Первый раз в его голосе зазвучала покорность.
— Кэти, будь благоразумной. Я люблю тебя, но и жену свою я тоже люблю. Иногда я не могу отделить тебя от нее. Она вернулась совсем другая, я тебе уже говорил, и теперь она такая же, как тогда, когда мы с ней познакомились. Возможно, помолодевшие фигура, лицо придали ей уверенности, которую она подрастеряла, поэтому сейчас она опять нежна и добра со мной. Какова бы ни была причина, я рад этой перемене. Даже когда она мне не нравилась, я продолжал ее любить. Когда она становилась мне вовсе ненавистна, я в отместку уходил к другим женщинам, но любил я все же ее. Один момент вызывает у нас неизменное противоборство — это ее нежелание иметь ребенка, пусть даже приемного. Конечно, что говорить, сейчас она уже слишком стара, чтобы рожать детей. Пожалуйста, Кэти, останься! Не уходи! Не увози моего ребенка, ведь тогда я никогда не узнаю, что будет с ним или с ней… или с тобой.
Я решила выложить все начистоту.
— Хорошо, я останусь, но при одном условии. Ты получишь ребенка, о котором всегда мечтал только в том случае, если разведешься с ней и женишься на мне. Иначе я уезжаю далеко-далеко, а значит забираю с собой и твое дитя. Возможно, я напишу тебе, кто родился — сын или дочь, а может быть и нет. В любом случае, если я уеду, ты будешь навсегда вычеркнут из моей жизни.

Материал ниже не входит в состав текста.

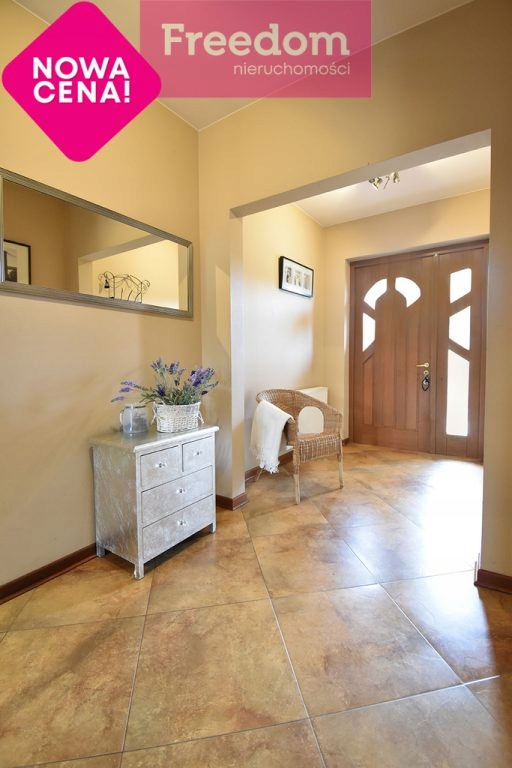 Dom sprzedawany jest wraz całym wyposażeniem, które idealne komponuje się z jego wnętrzem i nadaje mu szykownej wymowy. Meble są o wysokim standardzie i wraz z dekoracjami i detalami takimi jak lampy czy żyrandol nawiązują do stylu glamour. W sufitach zainstalowane jest oświetlenie LED oraz nagłośnienie muzyczne dla całego domu. Jest to prawdziwa okazja w tych okolicach jeśli chodzi o domy jednorodzinne.

Я подумала: «Вы только посмотрите на него, он ведет себя так, как если бы в завещании не было приписки, запрещающей его жене иметь детей. Защищает ее! В точности, как Крис, а ведь он все знает. Он ведь сам составлял это завещание. Он не может этого не знать».
Он стоял у камина, положив руку на каминную доску, потом оперся лбом на эту руку и уставил неподвижный взор в огонь. Другая рука была у него за спиной, стиснутая в кулак. Его смятенные мысли были так глубоки и сильны, что, казалось, они достигают внешнего мира, по крайней мере во мне поднялась волна сочувствия. Затем он обернулся ко мне и посмотрел мне прямо в глаза.
— Господи, — сказал он, пораженный сделанным открытием, —так ты все это распланировала заранее? И ты явилась сюда, чтобы исполнить давно задуманное? Но почему? Почему ты выбрала для своих замыслов именно меня? Что я тебе сделал, Кэти, ведь я только любил тебя! Это правда, что все началось с секса, да я бы хотел, чтобы этим оно и ограничивалось, но оно переросло в нечто гораздо большее. Мне нравится быть с тобой, просто сидеть и разговаривать, или гулять в лесу. С тобой я чувствую себя очень уютно. Мне нравится, как ты меня ждешь, как дотрагиваешься до щеки, когда проходишь мимо, как ерошишь мне волосы и целуешь меня в шею, мне нравится, как нежно, робко ты просыпаешься и улыбаешься мне. Мне нравятся твои умные игры, в которых ты всегда оставляешь мне одни догадки, но мне от них хорошо. У меня такое чувство, что в одной женщине я имею целых десять, и я совершенно не могу без тебя. Но я не могу оставить свою жену и жениться на тебе. Я ей нужен!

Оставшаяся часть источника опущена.